┌─ Data block
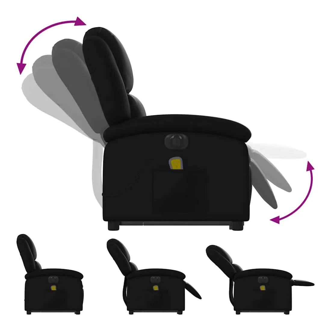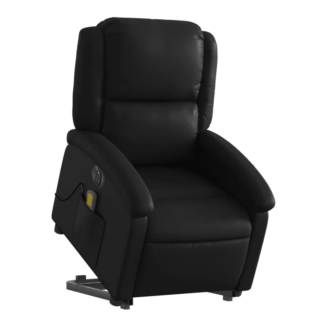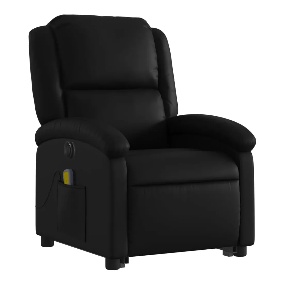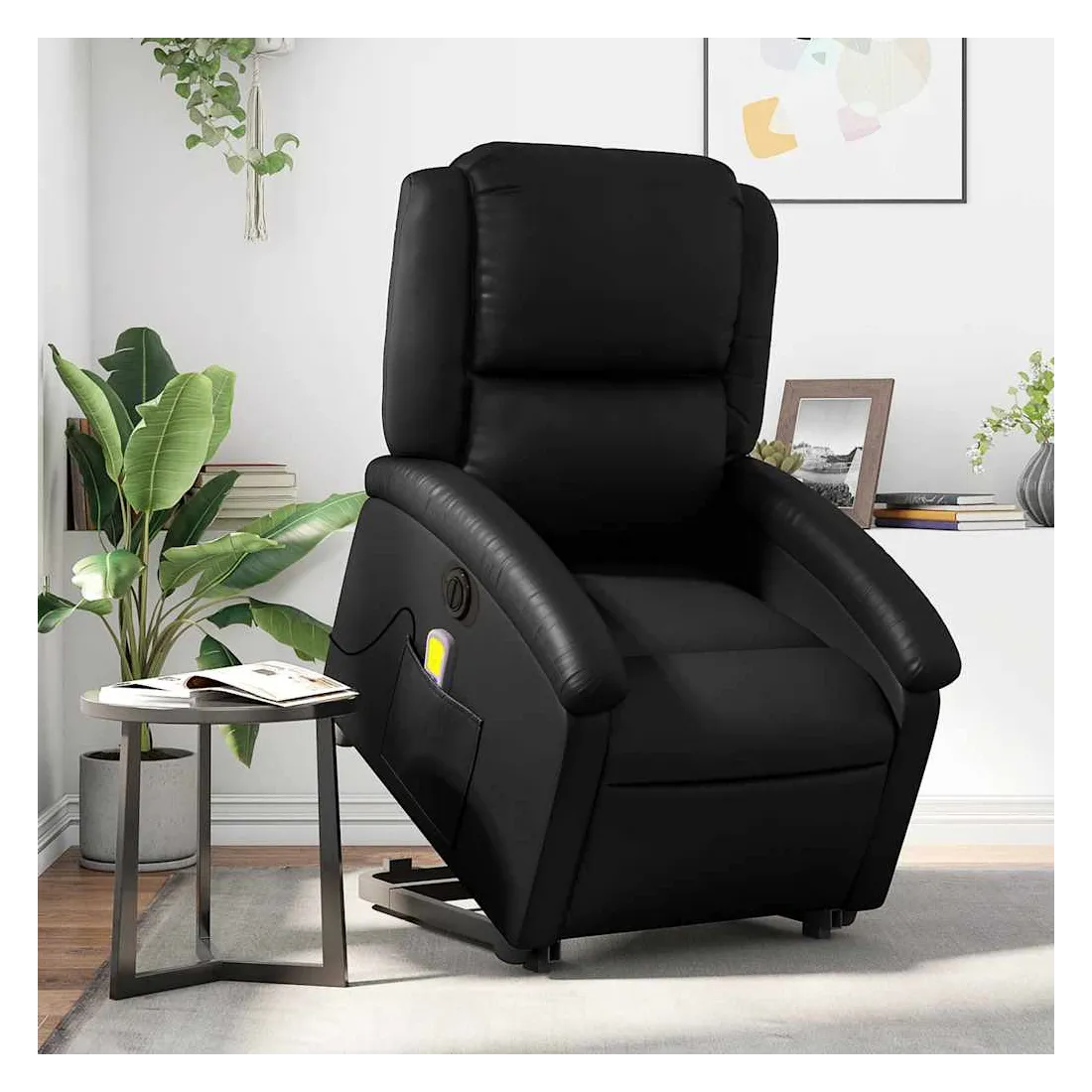 Asseyez-vous et détendez-vous dans ce fauteuil inclinable de massage électrique très confortable ! Fonction de levage électrique : ce fauteuil inclinable pour personnes âgées est équipé d'un moteur électrique pour la fonction de levage. Grâce à la fonction qui pousse toute la chaise vers le haut, vous pouvez facilement vous tenir debout sans stresser votre dos et vos genoux en appuyant simplement sur le bouton.Fonction d'inclinaison électrique : ce fauteuil inclinable est également équipé d'un moteur électrique qui permet de régler automatiquement le repose-pied et le dossier dans n'importe quelle position, selon votre confort, en appuyant simplement sur le bouton situé sur le côté du fauteuil. Cette fonction permet une inclinaison maximale de 135 degrés. En outre, le dossier peut revenir automatiquement à sa position d'origine par une simple pression sur le bouton.Fonction de vibration : les 6 points de massage vous permettent de faire l'expérience d'un massage mieux ciblé. De plus, la télécommande incluse vous permet de choisir différents programmes de massage. La fonction de massage est alimentée par le connecteur USB qui nécessite une source d'alimentation USB certifiée de 5 V (non fournie).Expérience de siège confortable : le siège, le dossier et les larges accoudoirs rembourrés épais recouverts de similicuir procurent une sensation confortable, vous faisant vous sentir enlacé lorsque vous êtes assis. Le similicuir est un matériau très résistant. Il est résistant aux taches, ce qui le rend facile à nettoyer avec un chiffon humide. La surface lisse donne également un aspect luxueux et la beauté du cuir véritable.Poche latérale pratique : ce fauteuil est doté d'une poche latérale pour ranger votre télécommande ou garder vos objets essentiels à portée de main.Cadre solide et stable : le cadre en bois et en métal offre une structure solide et une grande stabilité. Ce fauteuil inclinable est confortable et durable.
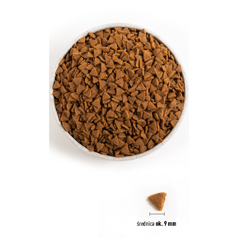 Skład analityczny: Surowe białko 37%, Oleje i tłuszcze 14%, Surowy popiół 9%, Surowe włókno 6%, Wilgotność 10%, Wapń 1,3%, Fosfor 1,0%, EPA 0,1%, DHA 0,2%, Omega-6 2%, Omega-3 0,5%, Magnez 0,1%, Tauryna 0,1%.
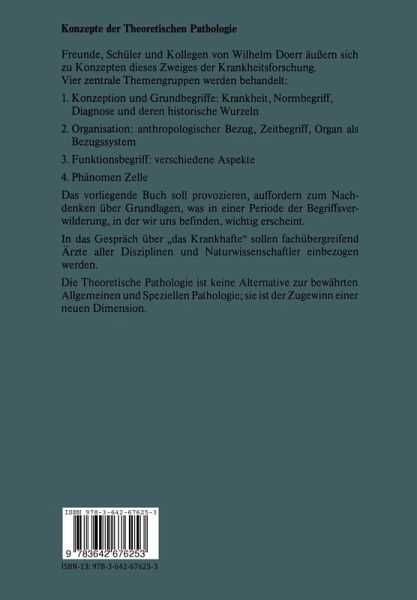 Laudatio auf Wilhelm Doerr.- Sektion I: Konzeption der Grundbegriffe.- Einführung des Moderators.- Präliminarien einer Theoretischen Pathologie.- Normbegriff.- Krankheitsbegriff.- Diagnosebegriff.- Heterotopie und Heterochronie als durchgängige Prinzipien einer Anthropologie des Krankhaften.- Diskussion.- Sektion II: Organisation.- Einführung des Moderators.- Bezugssystem Mensch.- Bezugssystem Zeit.- Bezugssystem Organ.- Homologe Einrichtungen unter dem Aspekt einer Theoretischen Pathologie.- Diskussion.- Sektion III: Funktion.- Einführung des Moderators.- Ansatzpunkte einer theoretischen Pathologie des Kreislaufs.- Regulierende Systeme.- Funktionsprinzipien des endokrinen Systems.- Zusammenfassung des Moderators.- Diskussion.- Sektion IV: Das Phänomen Zelle.- Einführung des Moderators.- Zellregulation.- Pathophysik.- Pathochemie.- Sektion V: Schlußbetrachtungen.- Theoretische Pathologie als Matrix einer modernen Grundlagenforschung.- Schlußwort.
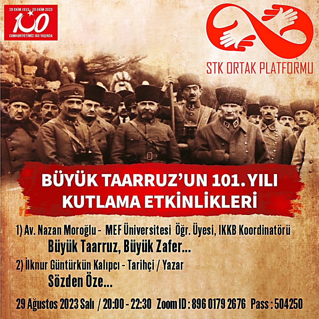 Cumhuriyetimizin 100. Yılı STK Ortak Platformu “Büyük Taarruz ve Zafer Bayramı Kutlamaları” online toplantısında İKKB koordinatörü Nazan Moroğlu ve tarihçi İlknur Güntürkün Kalıpçı 30 Ağustos Zaferinin önemini anlatacaklar.
└─
Work required: Would you provide an exact, picture-free copy of the data above?

Task result:
 Asseyez-vous et détendez-vous dans ce fauteuil inclinable de massage électrique très confortable ! Fonction de levage électrique : ce fauteuil inclinable pour personnes âgées est équipé d'un moteur électrique pour la fonction de levage. Grâce à la fonction qui pousse toute la chaise vers le haut, vous pouvez facilement vous tenir debout sans stresser votre dos et vos genoux en appuyant simplement sur le bouton.Fonction d'inclinaison électrique : ce fauteuil inclinable est également équipé d'un moteur électrique qui permet de régler automatiquement le repose-pied et le dossier dans n'importe quelle position, selon votre confort, en appuyant simplement sur le bouton situé sur le côté du fauteuil. Cette fonction permet une inclinaison maximale de 135 degrés. En outre, le dossier peut revenir automatiquement à sa position d'origine par une simple pression sur le bouton.Fonction de vibration : les 6 points de massage vous permettent de faire l'expérience d'un massage mieux ciblé. De plus, la télécommande incluse vous permet de choisir différents programmes de massage. La fonction de massage est alimentée par le connecteur USB qui nécessite une source d'alimentation USB certifiée de 5 V (non fournie).Expérience de siège confortable : le siège, le dossier et les larges accoudoirs rembourrés épais recouverts de similicuir procurent une sensation confortable, vous faisant vous sentir enlacé lorsque vous êtes assis. Le similicuir est un matériau très résistant. Il est résistant aux taches, ce qui le rend facile à nettoyer avec un chiffon humide. La surface lisse donne également un aspect luxueux et la beauté du cuir véritable.Poche latérale pratique : ce fauteuil est doté d'une poche latérale pour ranger votre télécommande ou garder vos objets essentiels à portée de main.Cadre solide et stable : le cadre en bois et en métal offre une structure solide et une grande stabilité. Ce fauteuil inclinable est confortable et durable.
 Skład analityczny: Surowe białko 37%, Oleje i tłuszcze 14%, Surowy popiół 9%, Surowe włókno 6%, Wilgotność 10%, Wapń 1,3%, Fosfor 1,0%, EPA 0,1%, DHA 0,2%, Omega-6 2%, Omega-3 0,5%, Magnez 0,1%, Tauryna 0,1%.
 Laudatio auf Wilhelm Doerr.- Sektion I: Konzeption der Grundbegriffe.- Einführung des Moderators.- Präliminarien einer Theoretischen Pathologie.- Normbegriff.- Krankheitsbegriff.- Diagnosebegriff.- Heterotopie und Heterochronie als durchgängige Prinzipien einer Anthropologie des Krankhaften.- Diskussion.- Sektion II: Organisation.- Einführung des Moderators.- Bezugssystem Mensch.- Bezugssystem Zeit.- Bezugssystem Organ.- Homologe Einrichtungen unter dem Aspekt einer Theoretischen Pathologie.- Diskussion.- Sektion III: Funktion.- Einführung des Moderators.- Ansatzpunkte einer theoretischen Pathologie des Kreislaufs.- Regulierende Systeme.- Funktionsprinzipien des endokrinen Systems.- Zusammenfassung des Moderators.- Diskussion.- Sektion IV: Das Phänomen Zelle.- Einführung des Moderators.- Zellregulation.- Pathophysik.- Pathochemie.- Sektion V: Schlußbetrachtungen.- Theoretische Pathologie als Matrix einer modernen Grundlagenforschung.- Schlußwort.
 Cumhuriyetimizin 100. Yılı STK Ortak Platformu “Büyük Taarruz ve Zafer Bayramı Kutlamaları” online toplantısında İKKB koordinatörü Nazan Moroğlu ve tarihçi İlknur Güntürkün Kalıpçı 30 Ağustos Zaferinin önemini anlatacaklar.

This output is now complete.